## Material provided
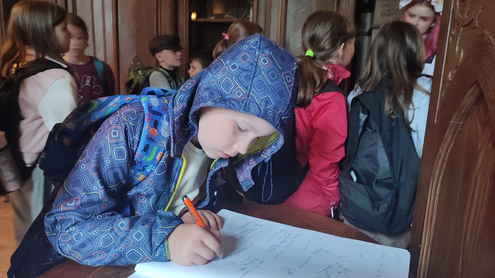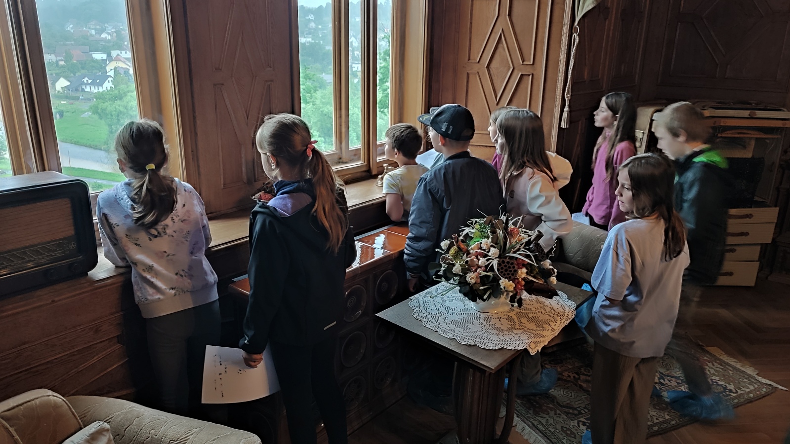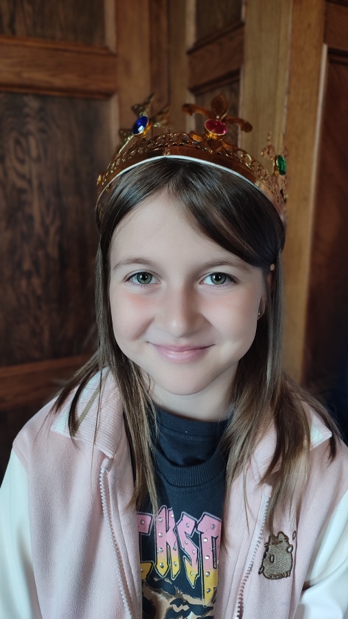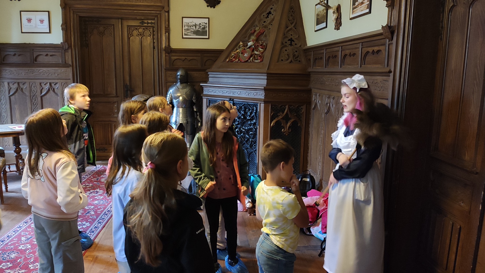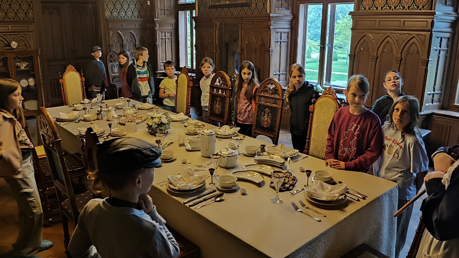 Na zručském zámku na nás čekala komorná Agáta, která nás provedla do všech zámeckých zákoutí. Prohlédli jsme si nádherně prostřenou jídelnu, poslechli orchestrion, podepsali se husím brkem, sestoupili jsme do zámecké koupelny, zatančili si v zrcadlovém sále a v obrovském trezoru v pracovně zámeckého pána jsme objevili zlatou korunu. Po prohlídce jsme se podepsali do knihy návštěv a utíkali jsme do infocentra nakupovat suvenýry.
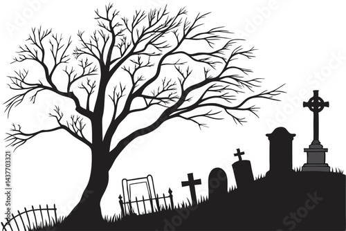 Black silhouettes of halloween tombstones crosses & trees
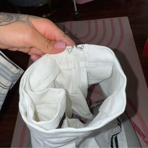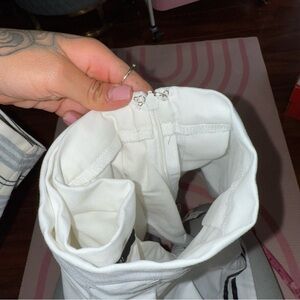 Elegant white skater skirt with bold black stripes. Perfect for versatile styling. Worn once
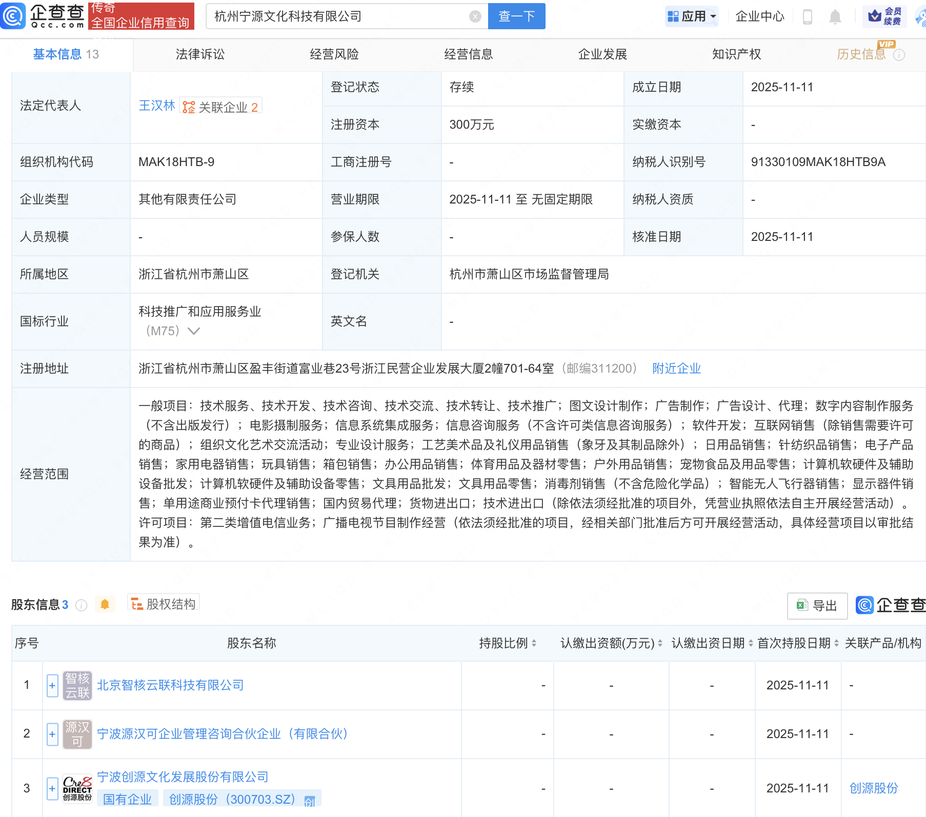 近日,杭州宁源文化科技有限公司成立,法定代表人为王汉林,经营范围包含:智能无人飞行器销售;显示器件销售;单用途商业预付卡代理销售等。企查查股权穿透显示,该公司由创源股份(300703)等共同持股。
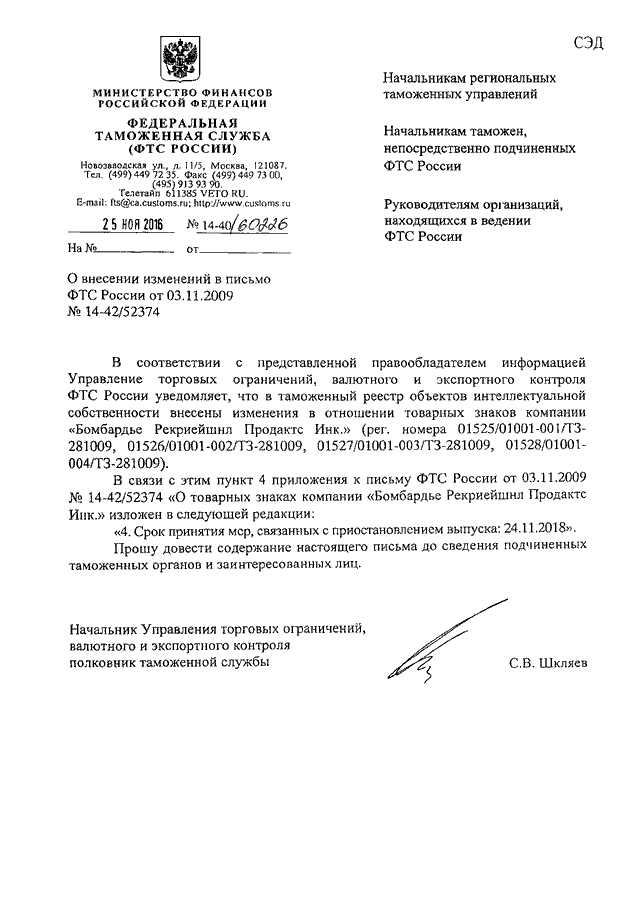ПИСЬМО ФТС РФ от 25.11.2016 N 14-40/60226
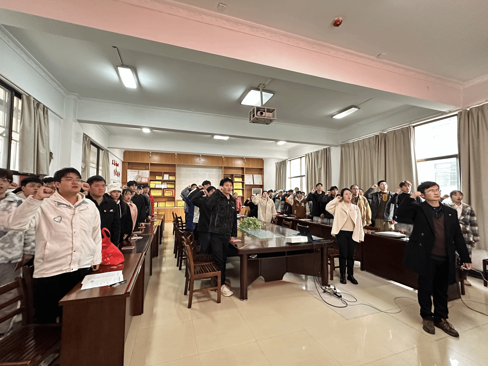 活动在庄严的国际歌中揭开序幕。周磊宣读2024年下半年新发展党员名单。今年下半年,学院有1名教师,36名本科生,17名研究生,共53名师生加入党组织。
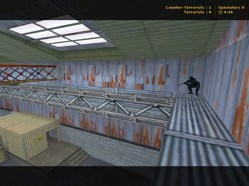 Прострел жестяной балки, с которой так любят смотреть будку некоторые несознательные граждане. Все сознательные уже поняли, что это одна из самых опасных позиций и не спешат занимать её в начале раунда.
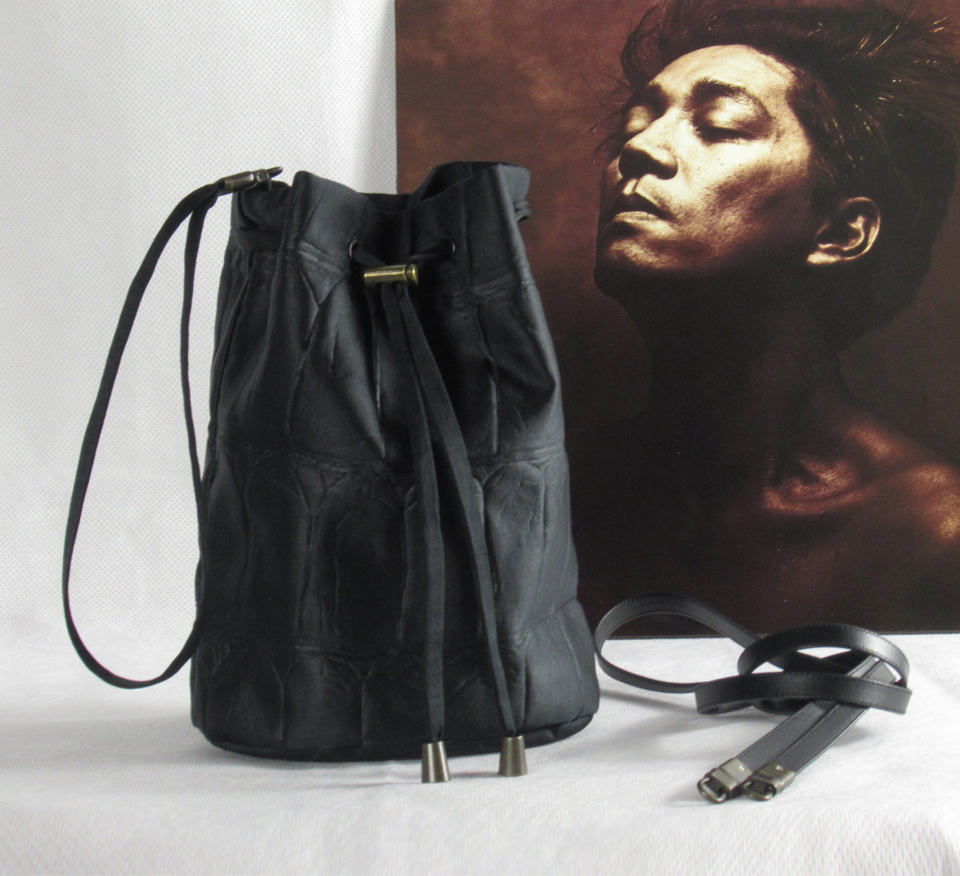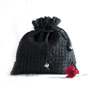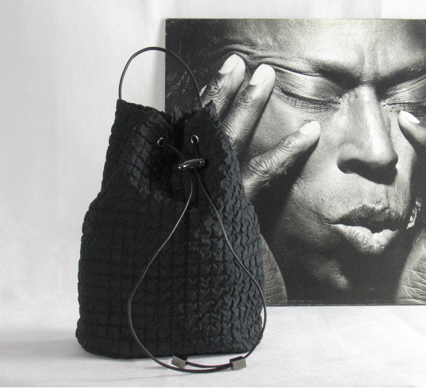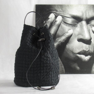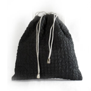 Una piccola curiosità: la borsa a forma di secchiello fu realizzata per trasportare bottiglie di champagne, poi l’alta moda se n’è appropriata rendendola famosa nel mondo. Apparsa nelle sfilate negli anni Sessanta si è affermata come simbolo di lusso, funzionale e allo stesso tempo elegante, pratica da indossare in ogni momento della giornata. Tra le più famose ricordiamo quella di Louis Vuitton, di Prada e di Bottega Veneta. Questa borsa mini a mano con coulisse in misto seta, modello a secchiello e con chiusura a coulisse è foderata in tessuto nero. Confezionata e rifinita a mano con materiali di prima qualità. Compatta, semplice e raffinata, adatta per ogni occasione.
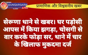 श्रीडूंगरगढ़ लाइव न्यूज़ 18 अक्टूबर 2023 श्रीडुंगरगढ़ थाने में जाति सूचक गाली देने के आरोप में दो के खिलाफ मुकदमा...
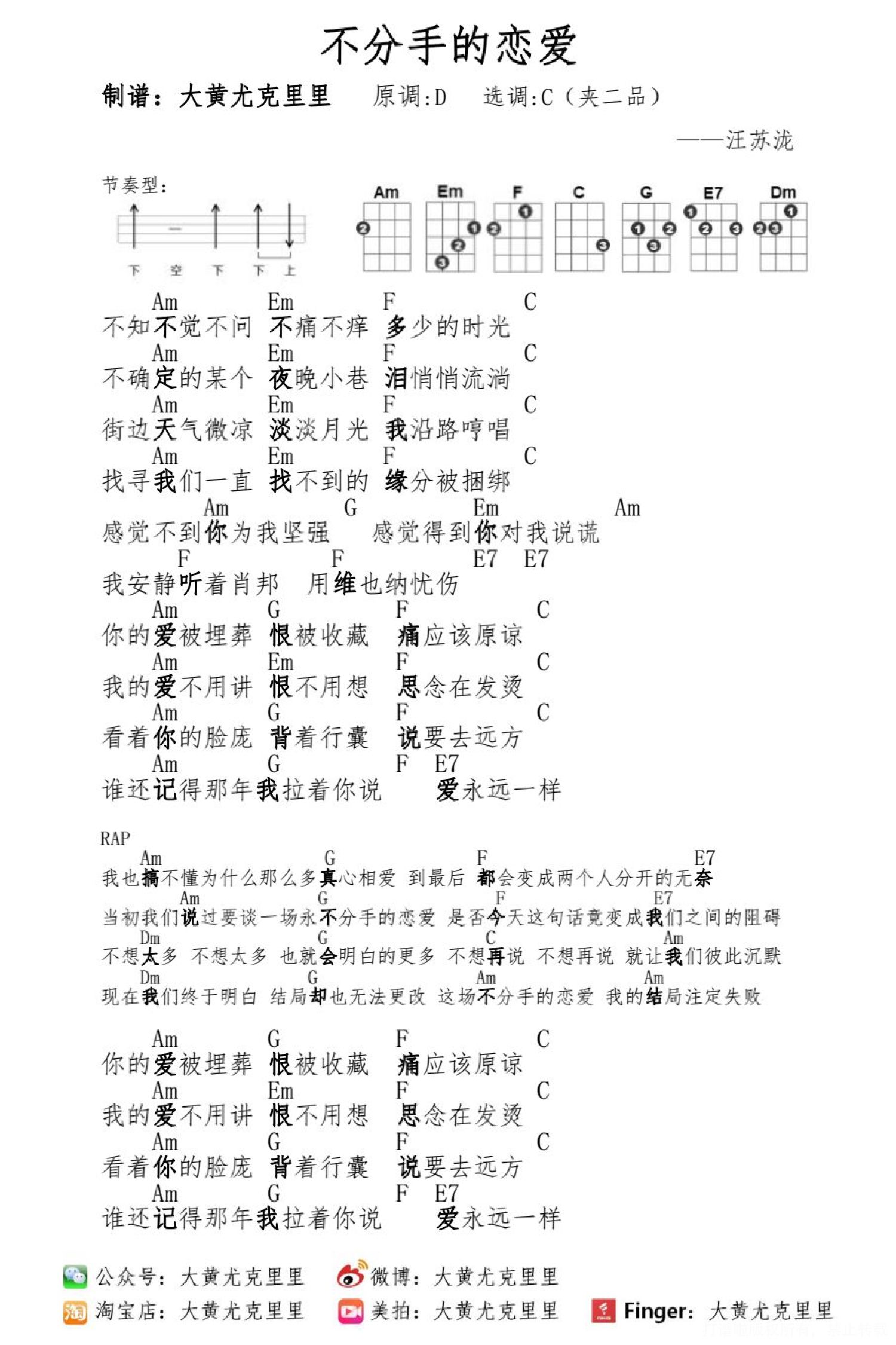 不分手的恋爱尤克里里谱 - 汪苏泷

## Problem to work on
Set down, word for word, the full listing above, and carry over no pictures.

## Response for this exercise
 Na zručském zámku na nás čekala komorná Agáta, která nás provedla do všech zámeckých zákoutí. Prohlédli jsme si nádherně prostřenou jídelnu, poslechli orchestrion, podepsali se husím brkem, sestoupili jsme do zámecké koupelny, zatančili si v zrcadlovém sále a v obrovském trezoru v pracovně zámeckého pána jsme objevili zlatou korunu. Po prohlídce jsme se podepsali do knihy návštěv a utíkali jsme do infocentra nakupovat suvenýry.
 Black silhouettes of halloween tombstones crosses & trees
 Elegant white skater skirt with bold black stripes. Perfect for versatile styling. Worn once
 近日,杭州宁源文化科技有限公司成立,法定代表人为王汉林,经营范围包含:智能无人飞行器销售;显示器件销售;单用途商业预付卡代理销售等。企查查股权穿透显示,该公司由创源股份(300703)等共同持股。
ПИСЬМО ФТС РФ от 25.11.2016 N 14-40/60226
 活动在庄严的国际歌中揭开序幕。周磊宣读2024年下半年新发展党员名单。今年下半年,学院有1名教师,36名本科生,17名研究生,共53名师生加入党组织。
 Прострел жестяной балки, с которой так любят смотреть будку некоторые несознательные граждане. Все сознательные уже поняли, что это одна из самых опасных позиций и не спешат занимать её в начале раунда.
 Una piccola curiosità: la borsa a forma di secchiello fu realizzata per trasportare bottiglie di champagne, poi l’alta moda se n’è appropriata rendendola famosa nel mondo. Apparsa nelle sfilate negli anni Sessanta si è affermata come simbolo di lusso, funzionale e allo stesso tempo elegante, pratica da indossare in ogni momento della giornata. Tra le più famose ricordiamo quella di Louis Vuitton, di Prada e di Bottega Veneta. Questa borsa mini a mano con coulisse in misto seta, modello a secchiello e con chiusura a coulisse è foderata in tessuto nero. Confezionata e rifinita a mano con materiali di prima qualità. Compatta, semplice e raffinata, adatta per ogni occasione.
 श्रीडूंगरगढ़ लाइव न्यूज़ 18 अक्टूबर 2023 श्रीडुंगरगढ़ थाने में जाति सूचक गाली देने के आरोप में दो के खिलाफ मुकदमा...
 不分手的恋爱尤克里里谱 - 汪苏泷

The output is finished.